Recent debates about modern financial innovation have focused on the benefits and consequences of financial innovation. There are arguments that financial innovation would disrupt traditional financial systems in significant ways (Gomber, Kauffman, Parker, & Weber, 2018; Ozili, 2018). There is also the argument that financial innovation can improve financial inclusion by increasing access to financial services (Beck, Senbet, & Simbanegavi, 2015; Ozili, 2021). Notwithstanding, some scholars argue that the risks embedded in specific financial innovation might be a setback for financial inclusion for the underserved population (see, for example, Ozili, 2020; Yawe & Prabhu, 2015). While these arguments are important in improving our understanding of the benefits and consequences of modern financial innovations, the current discourse in the literature have not examined the role of available information in encouraging the adoption of digital financial innovation such as the eNaira and other financial inclusion innovation.

Available information plays an important role in educating people about the benefits of innovations (Akcigit & Liu, 2016). But information availability alone is not enough to make people adopt specific innovations. People need to be interested in being informed about these innovations. Their interest in information about specific innovations should lead them to search for information about these innovations, and the outcome of their search for information can make them willing to adopt these innovations. Interest in Internet information about innovation is an essential determinant of innovation adoption. But this area has received little attention in the literature. The literature has not examined what motivates people to search for information about the eNaira and financial inclusion. The literature has also not examined the determinants of interest in eNaira and financial inclusion information.

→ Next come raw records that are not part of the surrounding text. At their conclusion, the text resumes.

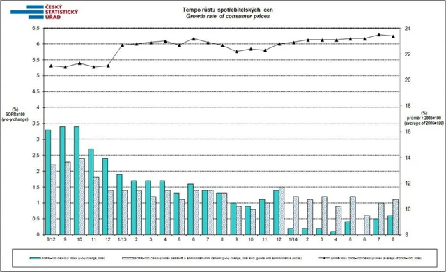Míra inflace vyjádřená přírůstkem průměrného indexu spotřebitelských cen za posledních 12 měsíců proti průměru předchozích 12 měsíců byla v srpnu 0,5 %.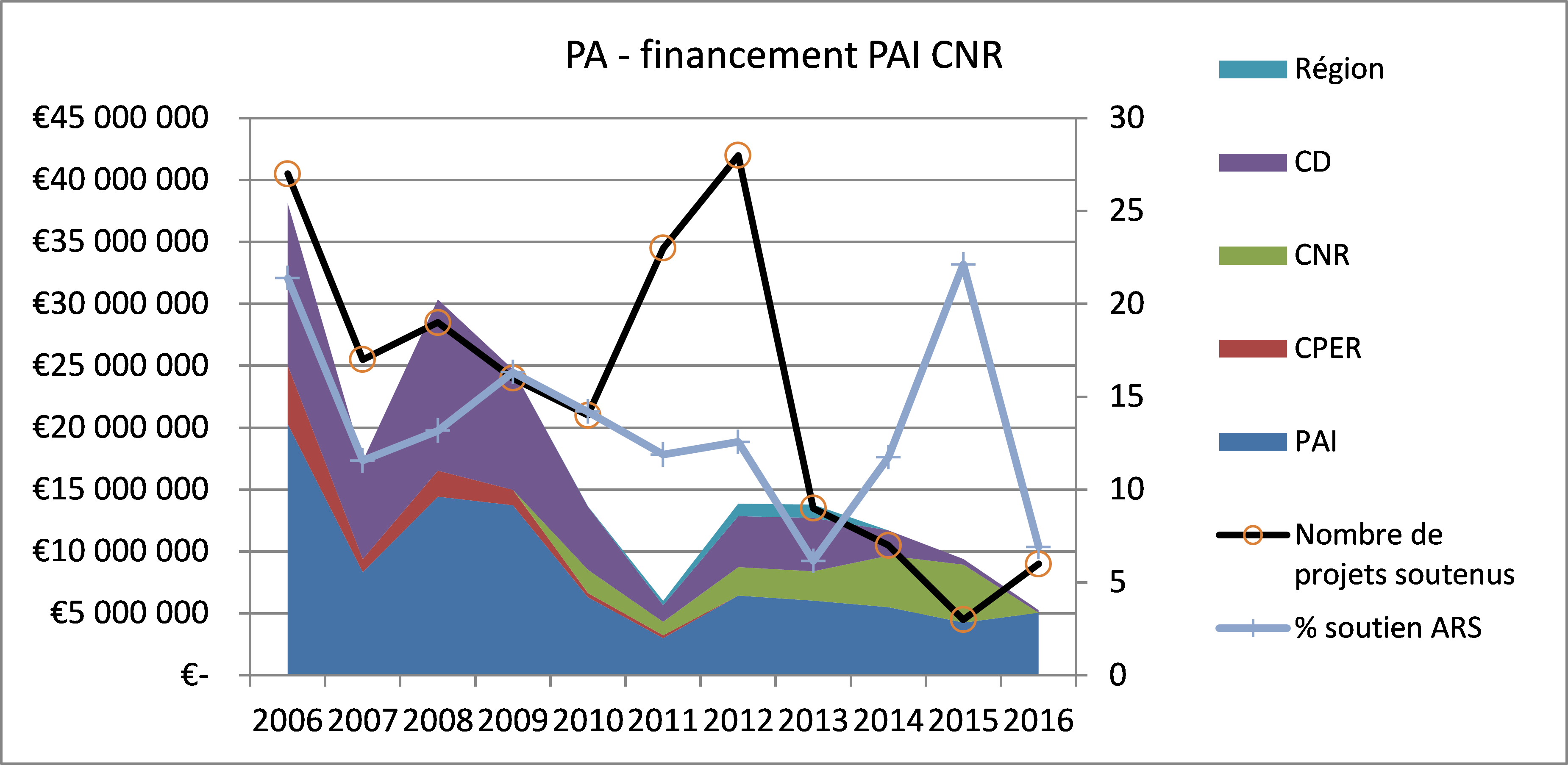 Parallèlement la capacité financière d’accompagnement des projets sur le territoire a fortement évolué ces dernières années avec une réduction assez marquée des aides à l’investissement. Cette diminution des ressources financières s’est traduite par une réduction du nombre de dossiers soutenus tout en maintenant un taux de soutien permettant un véritable effet levier sur les projets.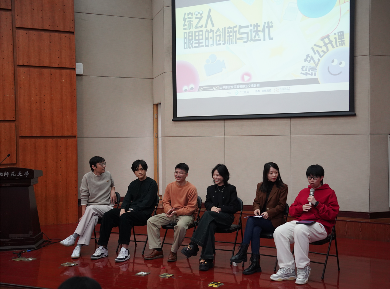 11月22日下午,蓝天下传媒旗下大千影业团队来厕所偷拍 开展“综艺公开课”,《向往的生活》、《乘风破浪的姐姐》、《快乐再出发》等节目后期总监赵浩及主创团队成员以“综艺人眼里的创新与迭代”为题展开,厕所偷拍 余俊雯博士参与对话,一起探讨综艺如何从“新”出发。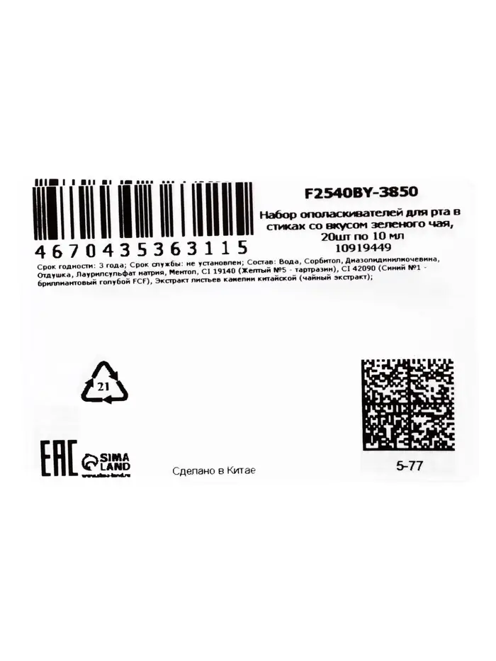 Ополаскиватель для полости рта в стиках со вкусом зеленого чая, 20 шт. по 10 мл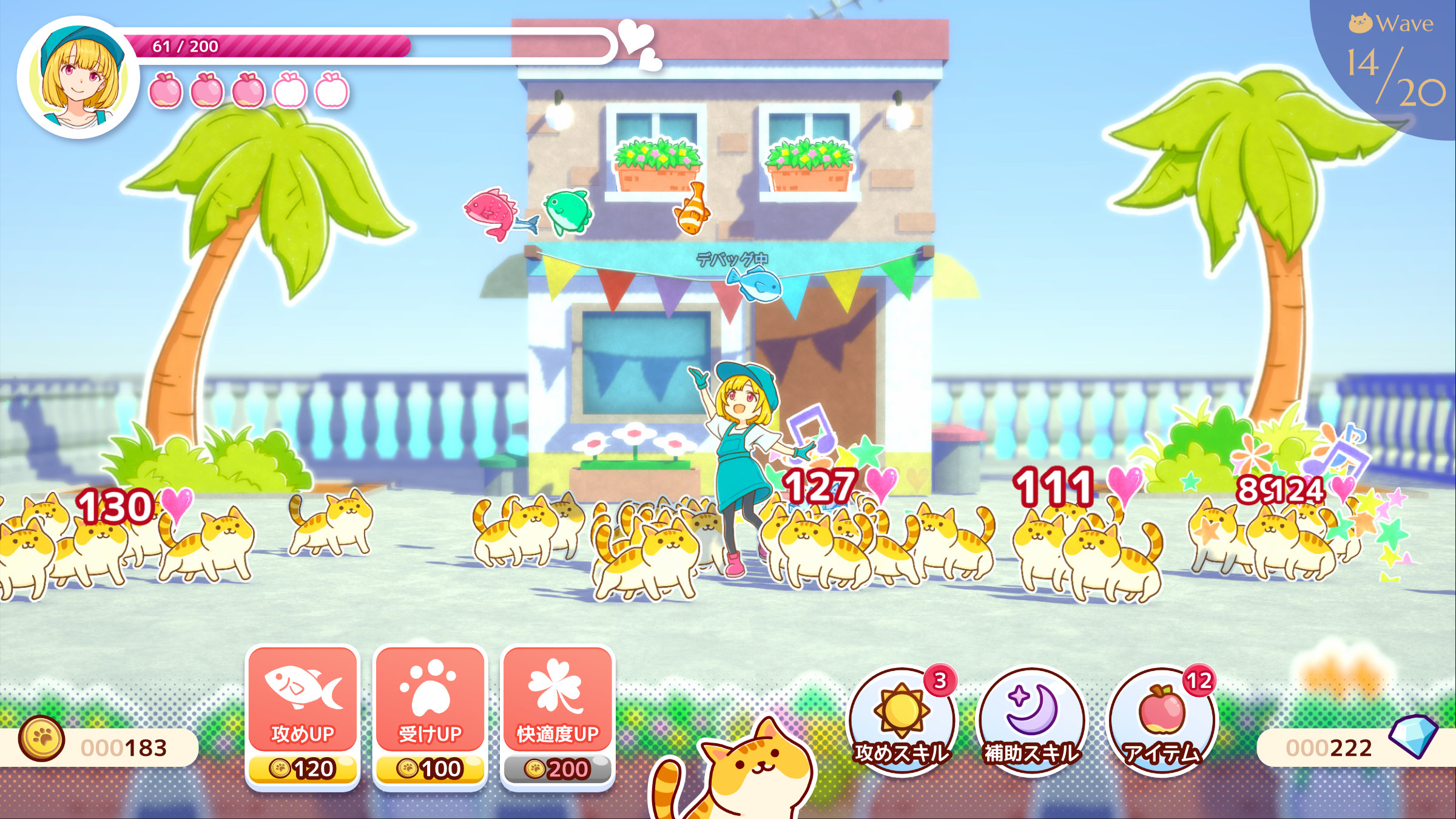 「迫り来るのが敵ではなくて、かわいい猫の大群だったら?」 というのが着想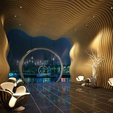 鑒于木紋鋁方通安裝方便,而且造型多樣,設(shè)計師的創(chuàng)意總是不斷推動海格的產(chǎn)品進(jìn)步,海格研發(fā)了包括耐色光涂層、弧形金屬吊頂和表面超平整的復(fù)合板等。木紋吊頂?shù)谋砻嫣幚砑b飾性和功能性于一體,先進(jìn)的輥涂和噴涂設(shè)備可以提供自由的表面處理方案,結(jié)合系統(tǒng)可同時滿足保溫,吸聲,抗菌,防火等使用功能,實(shí)現(xiàn)裝飾和功能的完美平衡。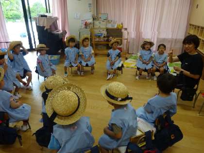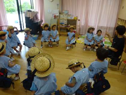 3歳児では、明日の幼稚園に期待がもてるよう、明日の活動をお知らせしていました。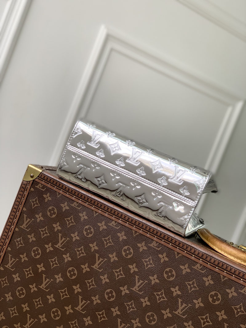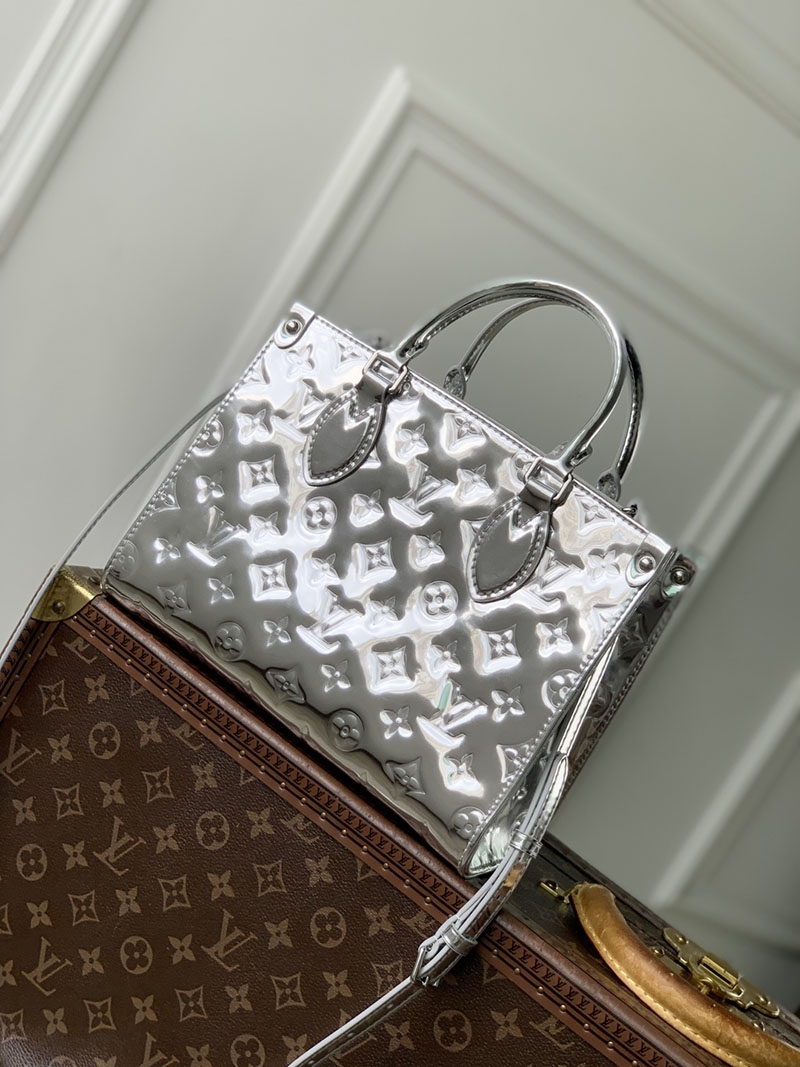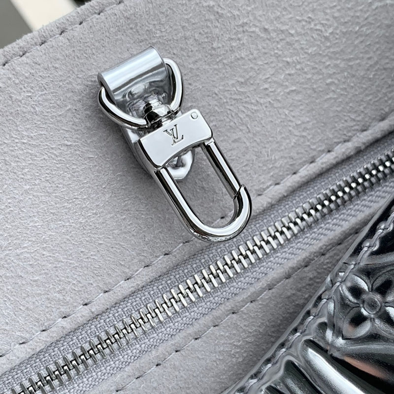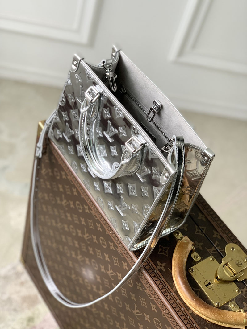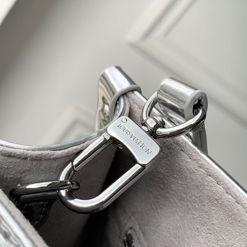 「LV SKI」 コレクションから登場した、モノグラム・ミロワールで仕上げた「オンザゴー PM」。たっぷりとしたサイズに仕上げたアイテムです。 ラミネート加工を施したキャンバスを使用することで耐久性を高めつつ、光を受けて輝くシルバーカラーと調和するメタルパーツをあしらいました。内装には複数のポケットを備え、毎日の必需品はもちろん、小さな本まで収納できる多用途なデザイン。

This paper is the first to investigate the determinants of interest in eNaira and financial inclusion information. It examined the role of interest in FinTech, cryptocurrency and central bank digital currency (CBDC) information in influencing interest in eNaira and financial inclusion information. Using interest over time data based on Internet search from Google Trends database, the findings reveal that interest in FinTech and eNaira information are significant positive determinants of interest in financial inclusion information. Also, interest in financial inclusion is a significant positive determinant of interest in eNaira information. Furthermore, interest in FinTech information has a positive and significant correlation with interest in financial inclusion information.

This paper contributes to the literature in the following ways. This paper contributes to the innovation and information literature. The study shows that interest in information about financial innovation can stimulate interest in related financial innovation. This study also contributes to the financial inclusion literature by identifying the determinants of interest in financial inclusion information – an area that has not been examined in the financial inclusion literature. This study also contributes to the limited literature about the eNaira central bank digital currency.

The rest of the paper is organized as follows. Section 2 presents the theory and literature review. Section 3 presents the research methodology. Section 4 presents the empirical results. Section 5 presents the results.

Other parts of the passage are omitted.